The portals rewrite that's in CVS reduces the number of objects. Reducing them further would reduce the flexibility and usefulness of the portal system.
The permission system has nothing to do with acs-rels, so I don't understand the question.
Relational segments and groups do use the acs-rels portion of the datamodel, and I'd agree that there is no need in most (but not all) cases for each row in a relationship to be an object. I wouldn't object to a rewrite of those two features to use non-object private tables to store the party-[group/rel] relationships. Groups and relsegs themselves must be objects so we can use permissions on them to determine who can add or delete members, etc.
If I'd been more ambitious when I added denormalized tables to speed permission checking I might've tackled this myself. However relsegs and groups provide fairly sophisticated functionality and a wide variety of views so a rewrite (including upgrade scripts) might be somewhat ambitious.

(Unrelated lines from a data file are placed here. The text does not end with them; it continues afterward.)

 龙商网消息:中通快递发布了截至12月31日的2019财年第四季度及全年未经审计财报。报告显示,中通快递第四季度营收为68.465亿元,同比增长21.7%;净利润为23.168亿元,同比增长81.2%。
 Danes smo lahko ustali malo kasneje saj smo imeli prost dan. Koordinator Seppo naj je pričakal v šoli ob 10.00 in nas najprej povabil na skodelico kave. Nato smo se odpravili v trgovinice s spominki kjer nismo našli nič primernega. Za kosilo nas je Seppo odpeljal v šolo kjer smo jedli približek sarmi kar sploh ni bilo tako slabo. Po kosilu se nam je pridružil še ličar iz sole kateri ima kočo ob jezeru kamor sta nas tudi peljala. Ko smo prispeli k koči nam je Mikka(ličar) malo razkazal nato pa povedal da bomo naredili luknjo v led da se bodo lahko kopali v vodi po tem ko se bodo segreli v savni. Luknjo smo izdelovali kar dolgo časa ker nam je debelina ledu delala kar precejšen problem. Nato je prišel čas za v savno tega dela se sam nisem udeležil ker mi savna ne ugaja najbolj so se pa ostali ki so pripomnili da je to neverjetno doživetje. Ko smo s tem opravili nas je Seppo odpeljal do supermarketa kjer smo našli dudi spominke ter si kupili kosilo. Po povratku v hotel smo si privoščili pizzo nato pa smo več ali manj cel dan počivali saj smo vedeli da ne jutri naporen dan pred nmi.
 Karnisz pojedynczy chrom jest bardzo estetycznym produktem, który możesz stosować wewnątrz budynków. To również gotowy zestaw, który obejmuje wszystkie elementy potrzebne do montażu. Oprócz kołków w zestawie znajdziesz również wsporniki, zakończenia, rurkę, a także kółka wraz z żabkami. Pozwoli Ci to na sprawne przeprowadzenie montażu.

An example of when the fact that every row in a relationship is an object, and therefore visible to permissions, would be a general ratings system. Each rating would be a row in acs-rels, and permissions would govern who could edit or delete existing ratings.
So we don't want to toss out acs-rels entirely.

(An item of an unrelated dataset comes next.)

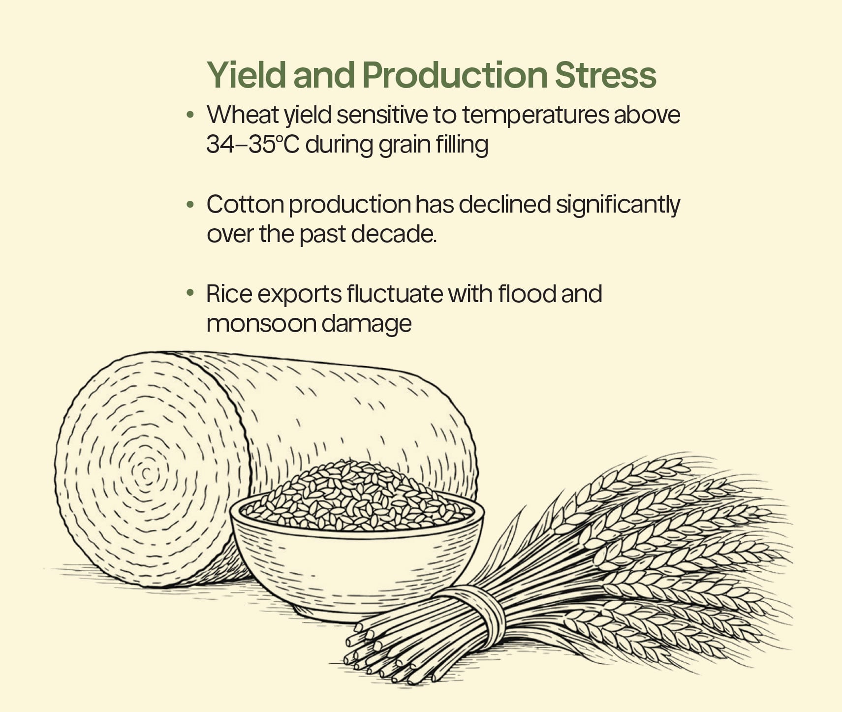 That uncertainty ripples outward. When wheat yield declines, procurement pressures rise. When rice transplanting is delayed, harvesting shifts. When vegetables are damaged by heatwaves or excessive rainfall, supply thins rapidly.

On the other hand, I don't see that the object cost of acs-rels as being a major concern. Though I'd be open to a rewrite of relsegs and groups that doesn't use acs-rels but rather a private relationship system, I don't think there's much bang-for-the-buck to be gained here.
A million rows should be no big deal. This is particularly true in Oracle (Postgres has a fairly high per-row overhead.) Even in PG you're talking 200-300 MB max for this table. Presumably if you're going to support 500,000 users you understand that you need many GB RAM no matter what technology you choose, and that getting rid of acs-objects isn't going to make that need go away.

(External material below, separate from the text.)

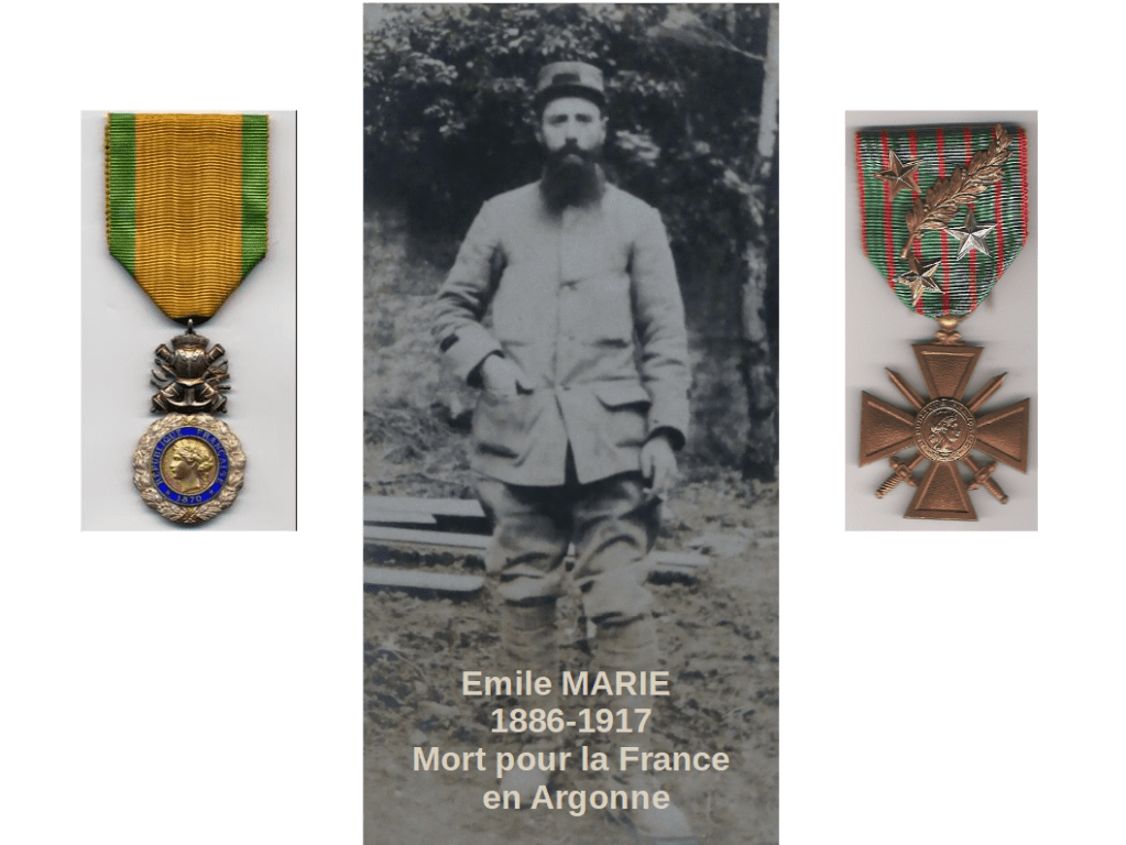 Émile MARIE est le frère ainé de notre grand-père Henri MARIE. Il est né le 27 juin 1886 à la Huardière sur la commune de Landisacq, dans la ferme de ses parents Victor MARIE et Maria VAUGEOIS. Émile est son prénom d’usage, mais ce n’était que son deuxième prénom à l’état civil, le premier étant Victor. Les documents officiels (actes de naissance et décès, fiche matricule,..) indiquent donc comme prénom Victor ou Victor Émile.

Now one thing you *can* do is to not join against the acs-objects table unless you actually need the information that is stored there. It is joining not access per se that generates costs that build up. Identifying queries that are slow and optimizing them by various means is where you'll most impact performance IMO.
Back to permissions ... there's evidence posted by Dirk Gomez that makes us think that adding a denormalized hierarchy table that exists in PG but not Oracle would speed performance.
Also getting rid of all these silly foo_read, foo_write private permissions that are children of read and write, and just using read and write directly would help permissions run faster. I just did this recently for the port of the 3.x events package.